I am creating my first ever blog because I am sooo pissed off and need to vent! (And I don't mean like the Coors Light commericals on TV!)

I am pissed because the weather here as been so horrible over the last 3 weeks. Last Friday we had a bad storm come through and wreak my new Crypt that I had spent so much time preparing this summer! The storm blew it into my cemetery fence and into several pieces. Luckily for me, all major sides of the Crypt were intact, so I rebraced everything and was able to fix the FCG inside.

However, today, as in, this morning. I was getting ready for another lovely day at the office, when I noticed a bad storm front moving into the area quickly. I didn't hardly have time to react! I ran outside and started pulling up all my tombstones, yard props, etc. The rain and wind began to pommel me as I frantically ripped all my hard work up from the yard in a maniac fashion trying to stay dry! As the rains beat me down and the wind blew me back into my house, I couldn't help but look towards my Crypt, as if it were all in slow motion, go sailing into the air like a 747 taking off from the runway! I think I gasped for air because my throat had sunk into my chest, as I witnessed my Crypt roll over my Cemetery Gate, destroying it, and landing in a million pieces in my neighbor's yard!!!! I didn't know if I should be horrified because all my hard work was lost, or the fact that my neighbor could be home, and quite pissed that my Crypt landed on his boat under his carport. Luckily they were not home, and as for me; well, I grugedly took off my work attire and slipped on my mud boots to go out into the monsoon to clean up the mess! 

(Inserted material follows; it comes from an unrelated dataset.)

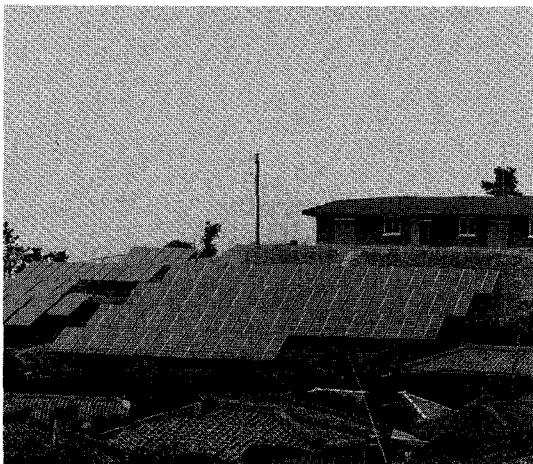
전남 하화도 60kW급 태양광 발전설비 전경

따라서, 아무리 훌륭한 에너지기술개발정책을 수립한다 하더라도 이를 잘 실천해 나가기 위해서는 정부의 노력만으로는 어려우며 에너지절약을 해야한다는 국민적 공감대 형성을 통하여 산업공정, 건물등에 개발된 에너지기술을 채택하여 사용하려는 의지가 중요하다 하겠다. ☞

I just can't believe that it happened to me twice! Both on Friday morning!!!!!!! I missed a day of hunting last Friday for repairs, and didn't even go to work today because of the mess it all made! I know that at one point, while looking helplessly into the sky, I asked the question: "Is it all worth it?" But then I said yes! Of course it is, and forcefully busted off a half a smirk! Creating things, even the smiles of people young and old is worth every small sacriface I can make! 

Hummmm, I feel much better now. And hopefully will have a game plan for repairing my Crypt once again.


----------